*Task to complete*: Exercise in exact copying: restate word for word only the lines below from the one containing "在开幕式上,广东美术馆馆长王" through the one containing "01.12.1963Afisz gościnnego występu", omitting any pictures.

*Data under study*:
________________
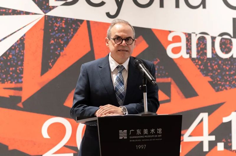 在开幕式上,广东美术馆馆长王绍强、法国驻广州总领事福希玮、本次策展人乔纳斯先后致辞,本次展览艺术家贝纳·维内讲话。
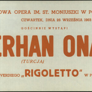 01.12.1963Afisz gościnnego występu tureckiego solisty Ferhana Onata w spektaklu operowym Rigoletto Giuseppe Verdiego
________________
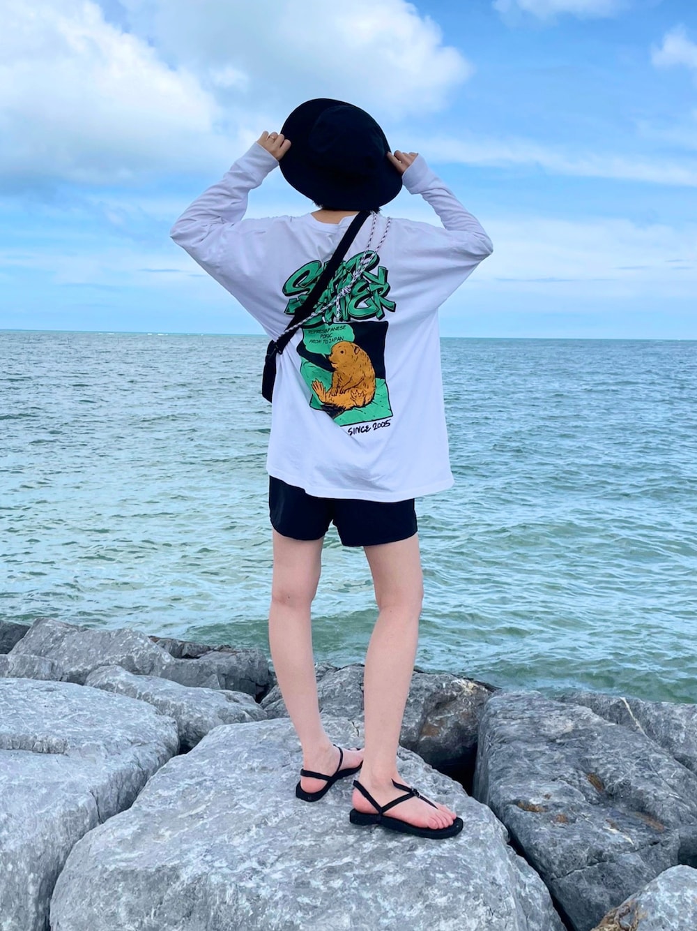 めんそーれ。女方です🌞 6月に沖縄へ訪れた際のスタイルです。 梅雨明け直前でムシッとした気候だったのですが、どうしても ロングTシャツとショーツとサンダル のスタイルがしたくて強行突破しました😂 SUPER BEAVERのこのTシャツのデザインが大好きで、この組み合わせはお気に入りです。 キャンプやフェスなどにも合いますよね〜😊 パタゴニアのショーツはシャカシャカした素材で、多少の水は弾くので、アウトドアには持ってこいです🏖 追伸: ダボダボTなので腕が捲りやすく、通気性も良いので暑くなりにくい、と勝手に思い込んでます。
________________
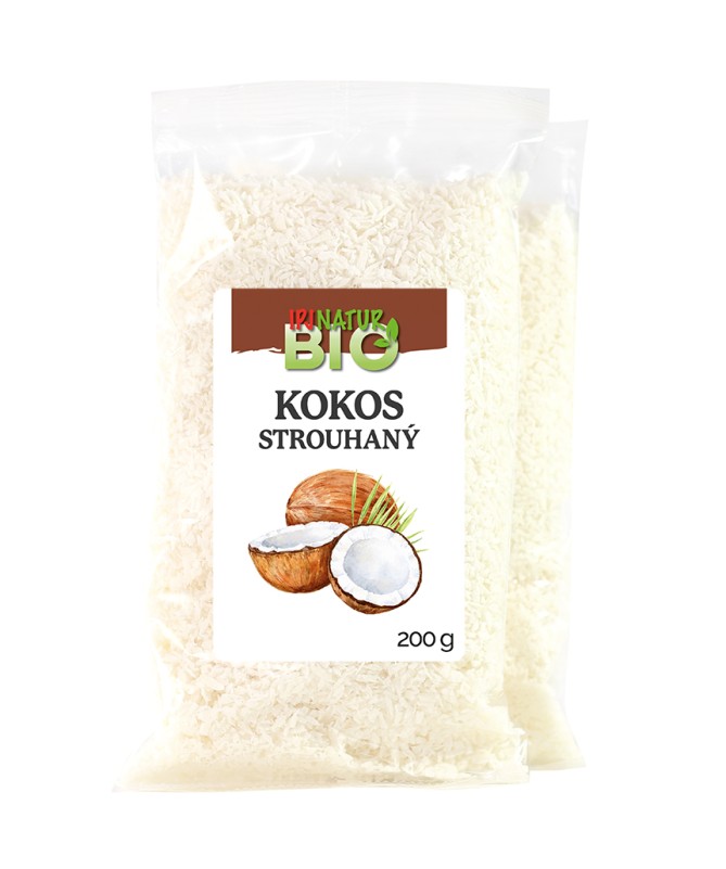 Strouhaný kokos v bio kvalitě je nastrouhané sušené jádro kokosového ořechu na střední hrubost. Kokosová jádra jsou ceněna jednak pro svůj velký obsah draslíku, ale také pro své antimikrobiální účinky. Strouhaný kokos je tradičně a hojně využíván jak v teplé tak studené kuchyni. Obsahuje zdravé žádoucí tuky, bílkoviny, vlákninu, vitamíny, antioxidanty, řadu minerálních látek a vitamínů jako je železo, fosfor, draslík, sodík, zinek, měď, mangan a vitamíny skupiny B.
________________
*Answer to this problem*:
 在开幕式上,广东美术馆馆长王绍强、法国驻广州总领事福希玮、本次策展人乔纳斯先后致辞,本次展览艺术家贝纳·维内讲话。
 01.12.1963Afisz gościnnego występu tureckiego solisty Ferhana Onata w spektaklu operowym Rigoletto Giuseppe Verdiego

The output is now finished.